The deal, which was in place for 2½ years, saw the parties work together on key priorities, including pharmacare.
The working arrangement afforded the governing Liberals the support they needed to stay in power in a minority Parliament. Speculation has mounted since NDP Leader Jagmeet Singh recently announced his party was walking away from the agreement that an election could take place earlier than October, 2025.
Jane Philpott, a physician who served as health minister under Prime Minister Justin Trudeau and is now the dean of health sciences at Queen’s University, said what is “risky” right now is both the Liberals and the NDP are motivated to be able to say to Canadians that they were able to get a pharmacare bill passed.
“But a bad pharmacare bill is not what we’re looking for as Canadians,” she said. “We need the right kind of model for pharmacare.”
Pharmacare legislation passed in the House of Commons in June and is now being considered by the Senate. Dr. Philpott said it is her hope the Senate will exercise its authority and “make the necessary amendments so that we won’t have this fragmented, insufficient bill passed.”
“Then we have to hope that the both the Liberals and the NDP will support those amendments and get it right the first time,” she said.
Health Minister Mark Holland recently urged senators at a committee to move quickly to see its passage, saying it was “balanced on a pinhead.”
The bill says if there’s an agreement in place, the federal health minister can make payments to a province or territory to bolster any existing public pharmacare coverage and to provide “universal single-payer” coverage for specific prescription drugs and related products intended for contraception and diabetes treatment.
Mr. Holland has pointed to a memorandum of understanding, announced this month with the NDP government of B.C., and hopes it will answer questions about how the program could work.
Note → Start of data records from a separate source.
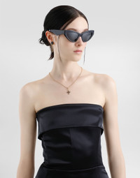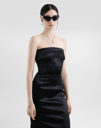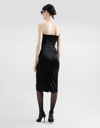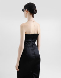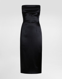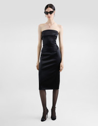 The Women's Black Sicily Collection reinforces Dolce&Gabbana's iconic fabrics and codes rooted in Italian heritage. Sensual silhouettes, highlighted by floral prints and refined corsetry, evoke an intriguing elegance, while the iconic black lace, satin, and velvet dominate the collection. Denim in various shades of blue introduces a contemporary twist, balancing the classic and modern. Embroidered crosses, medals, and jewelry add a sophisticated touch. Stretch satin calf-length corset sheath dress: • Black • Strapless with folded trim on neckline • Vertical boned bodice • Sleeveless • Stretch silk satin lining • Rear zipper and hook-and-bar fastening • The piece measures 70 cm from the waist down on a size IT 40 • The model is 175 cm tall and wears a size IT 40 • Made in Italy External composition: 65% Acetate 29% Polyamide 06% Spandex Internal composition: 92% Silk 08% Spandex
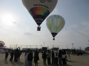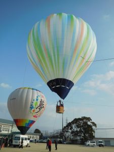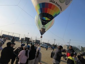 1/29(木)、昨年の12月に予定していて、天候不良で延期していた「バルーン係留体験」が行われました。150周年記念の空撮でもお世話になった水町さんをはじめ、佐賀市からたくさんの方々が早朝より来てくださり、準備をしてくださいました。登校する子ども達は運動場でだんだん広がっていくバルーンに夢中でした。係留は2機のバルーンで学年同時に行っていきました。バーナーの火の熱で浮かんだり降りてきたりするバルーン体験に、上空からも地上からも笑顔で楽しそうに手を振り合っていました。寒い中ではありましたが、子ども達は貴重な体験になったと思います。ぜひまた行ってほしいです。
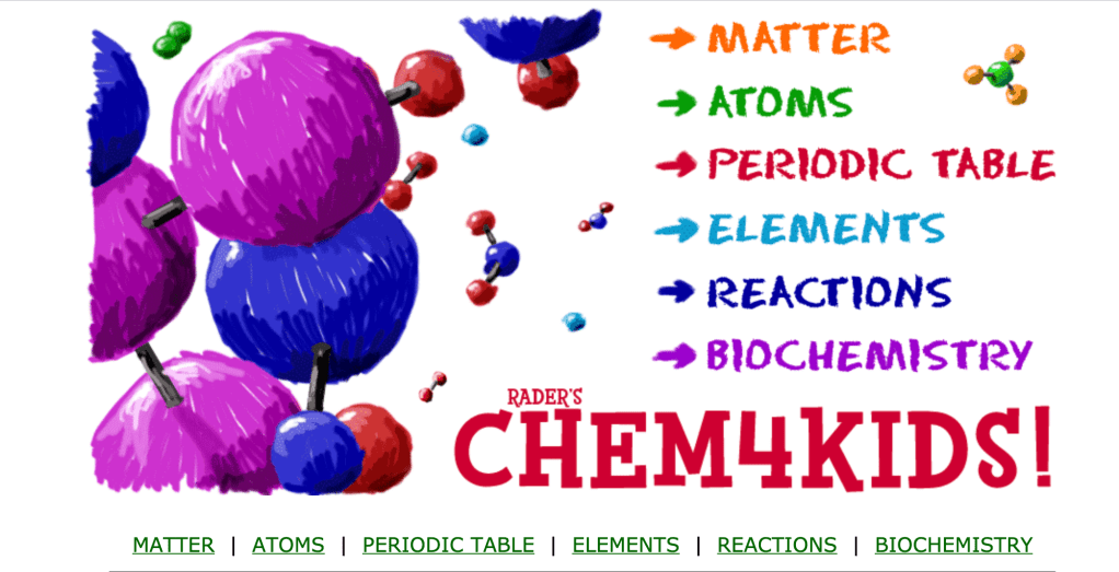Consulted Chem4Kids as the primary content source for Chemistry information. Narrowed down the key topics to the following:
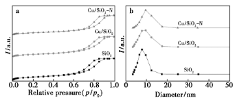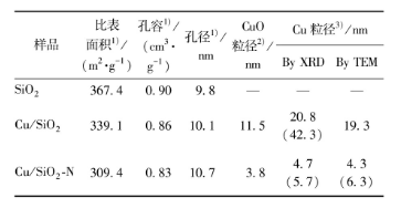 表1 Cu/SiO2和Cu/SiO2-N催化剂的结构特征注
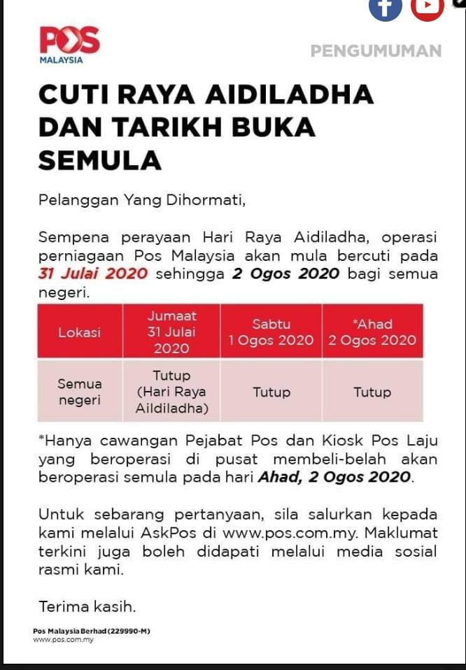 Tarikh Operasi Pos Malaysia Dan Pos Laju Pada Cuti Hari Raya Aidilfitri 2020 Layanlah Berita Terkini Tips Berguna Maklumat
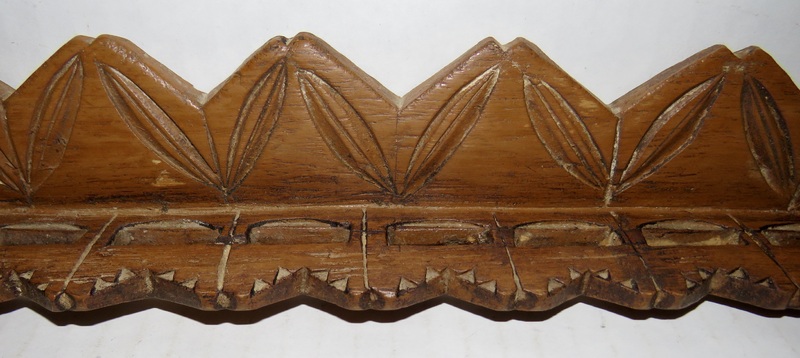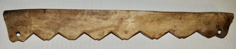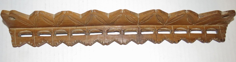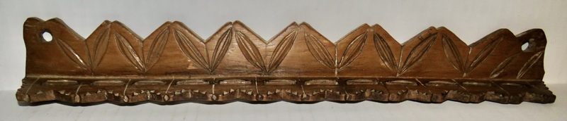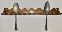 Spoon rack, walnut having original New England brown paint, chip carved with leaves and arrow heads, 12 slots for spoons, 2 hand carved hanging holes, it looks like the front part of the spoon slots may have broken and been reattached in the period. 16” long x 2” tall x 1 3/4” deep. Very dry surface, ca.1700-1740. Spoons not included.
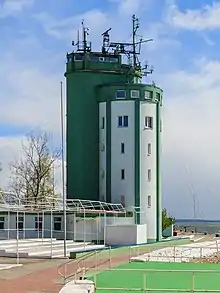 - Маяк (1813—1816). Первый деревянный маяк был построен в Пиллау в 1741 году, однако со временем стало ясно, что он плохо справляется со своими обязанностями, и было принято решение о строительстве нового большого каменного маяка. Сегодня балтийский маяк — самый западный в России. Был построен в начале XIX века. Автор маяка доподлинно неизвестен, по одной версии это известный архитектор Карл Шинкель, по другой — гидроинженер Шульц[40]. Высота маяка — 33,2 метра над уровнем моря. Огонь виден на расстоянии 16 морских миль. Изначально световой луч создавался за счёт горения растительного масла, которое в 1874 году было заменено на керосин. Затем использовались газовые лампы, а с 1913 года маяк перешёл на электрическое освещение. Во время войны маяк пострадал несильно, работы по его восстановлению закончились уже в сентябре 1945 года. Поскольку порт Пиллау (переименован в Балтийск 27 ноября 1946 года) стал местом базирования кораблей Балтийского флота, маяк пришлось срочно восстанавливать. Вначале здесь был зажжён временный огонь, а в 1953 году, после завершения строительства нового технического здания, маяк был полностью восстановлен. Источником огня в фонарном сооружении служил светооптический аппарат немецкой фирмы «Тейт Майер». Электропитание аппарата осуществлялось от отечественных дизель-агрегатов. Уже в советское время маяку был присвоен первый класс, а период маяка стал равен 12 секундам (три секунды темноты, девять секунд света). В настоящее время маяк светит белым затмевающимся огнём. Вместе с Передним Балтийским маяком, представляющим собой белый ромб и белую трапецию с чёрной вертикальной полосой на ажурной четырехгранной башне, он обозначает створ 302,1°—122,1°, ведущий в морской канал порта Балтийск.[41]

It would see the province’s existing contraceptive coverage expanded to include hormone replacement therapy to treat menopausal symptoms. Both governments have said they intend to enter into formal negotiations if Bill C-64 receives royal assent, but B.C. is currently in the midst of a provincial election campaign.
Pharmacare proponents, such as Steve Morgan, a professor at the University of British Columbia’s School of Population and Public Health, testified before a Senate committee this month and outlined concerns about Bill C-64.
Prof. Morgan said his view is Bill C-64 was “written under duress” as the Liberals and NDP “attempted to salvage” their supply-and-confidence agreement.
“The result is a bill that is dangerously ambiguous,” he testified. For example, he said the bill “does not even attempt” to define terms such as universal and single-payer.
While speaking to reporters outside the chamber of the House of Commons on Thursday, Mr. Holland said the government is approaching pharmacare in stages. There is not “universal consensus on where we go,” he added.
Mr. Holland said there is a model for single-payer, universal delivery of two classes of drugs – contraceptives and diabetes medication – that will be publicly delivered.
When the pharmacare bill was tabled, the NDP was asked how it could frame the bill as a win for universal, single-payer pharmacare when there is only coverage for the two drug classes.
NDP MP Don Davies, who was his party’s health critic at the time, said diabetes and contraceptive medications would be delivered through a single-payer model. He also said within a year of the passage of the bill that an essential-medicines list would be established as the next slate of drugs that would be considered for an expanded program.
The bill says the federal minister must, no later than 30 days after the bill receives royal assent, establish a committee of experts to make recommendations on options for the operation and financing of “national, universal, single-payer pharmacare.”
The federal Conservatives do not support the government’s pharmacare legislation.